Lonergan, who manages the M&G Episode Growth fund, said that one of the biggest challenges faced by top-down investors is reducing an intrinsically complex system into some sort of insight that will allow them to outperform.

However, he said that rather than trying to make forecasts, it can be more productive to look at the widespread denial of established facts.

“You can have an edge in macro, not by forecasting but by recognising how other people are anchored and biased to beliefs that are clearly invalid,” he explained.

According to Lonergan, the most blatant example of this trend is the huge risk premium being paid to investors willing to hold equities over “safe” assets such as government bonds and cash.

The manager said that while economic forecasts and five-year views should be automatically ignored, valuations have “an awful lot of power” – and that towards the end of last year, numerous equity markets were trading on multiples associated with events such as the eurozone crisis, the Asian crisis of the late 1990s or the financial crisis.

Performance of indices (price only, local currencies) over 20yrs

Source: FE Analytics

“They were at those levels at the end of December and many of those have rebounded, but they are still on levels where you are getting paid much higher returns than history,” he explained.

“So, I can buy a basket of global equities that is priced to deliver me a 7 to 10 per cent real return.”


While this would be a relatively high return in any market, Lonergan said that compared with the return currently expected from cash and bonds, it is “extraordinary”.

“It is a very curious thing,” the M&G Episode Growth manager continued. “If I were to launch a fund and said, ‘don’t worry, it will have zero volatility, nominal volatility so it is a no-risk fund, but I am going to guarantee that you lose 2 per cent in real terms per annum’, it is kind of like death by a thousand cuts.

“The irony is that is still the best-selling fund in the world.

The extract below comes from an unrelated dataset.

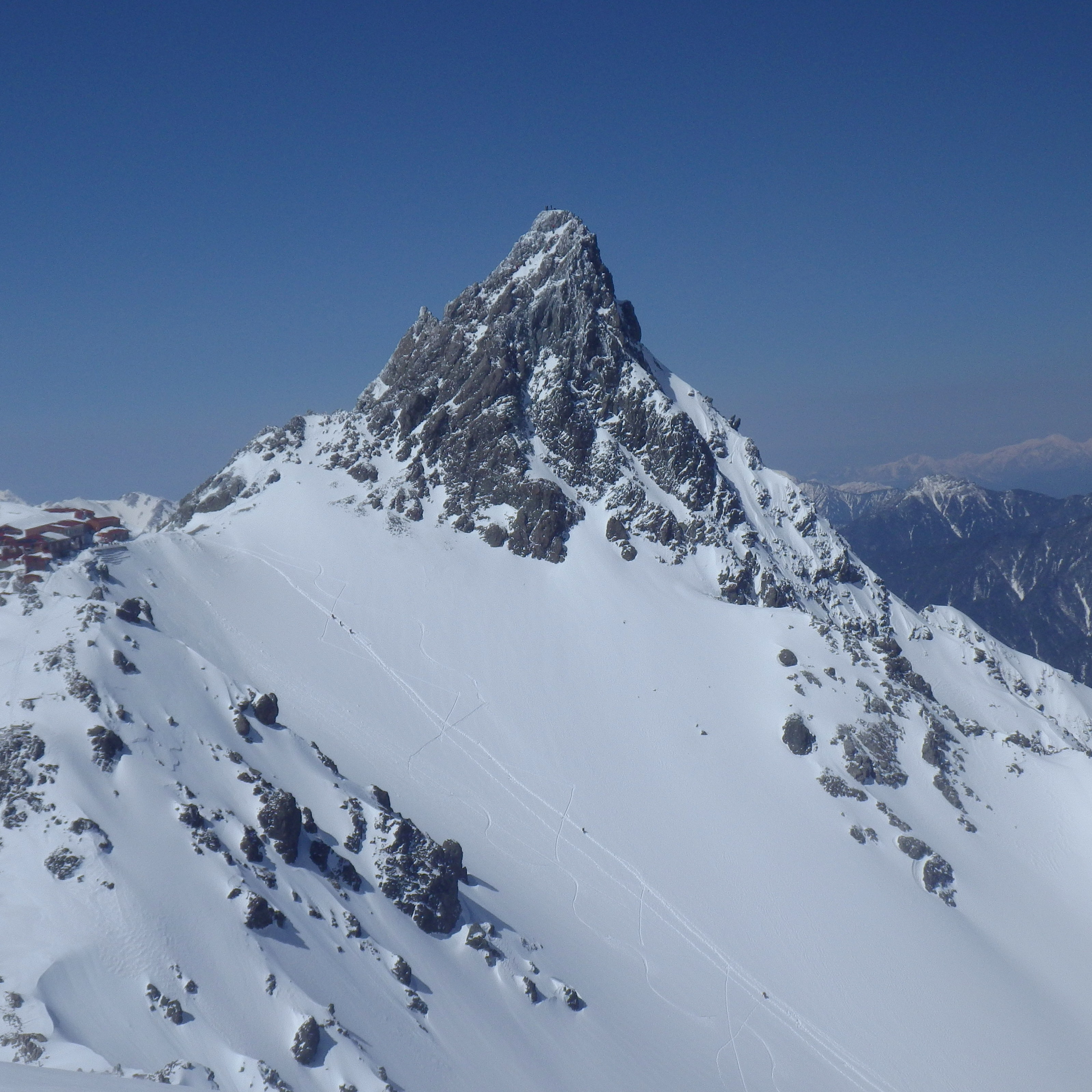 この下りがなかなかの急斜面で注意が必要です。お尻で滑ったと思われるトレースは凍っています。

Because that is cash. And European cash is priced even more aggressively than that.

“It is fascinating to me the premium people are willing to pay for a low level of volatility.”

This echoes the view of AJ Bell chief investment officer Kevin Doran, who towards the end of last year begged financial advisers not to put cautious clients into government bonds, warning they would “absolutely” lose money after inflation.

Lonergan said that whenever you are faced with a valuation opportunity such as the one he believes has presented itself in equities, it is vital to ask yourself whether it is justified based on fundamentals or whether it is due to behavioural bias.

This begs the question, is this a world in which it is dangerous to own capital?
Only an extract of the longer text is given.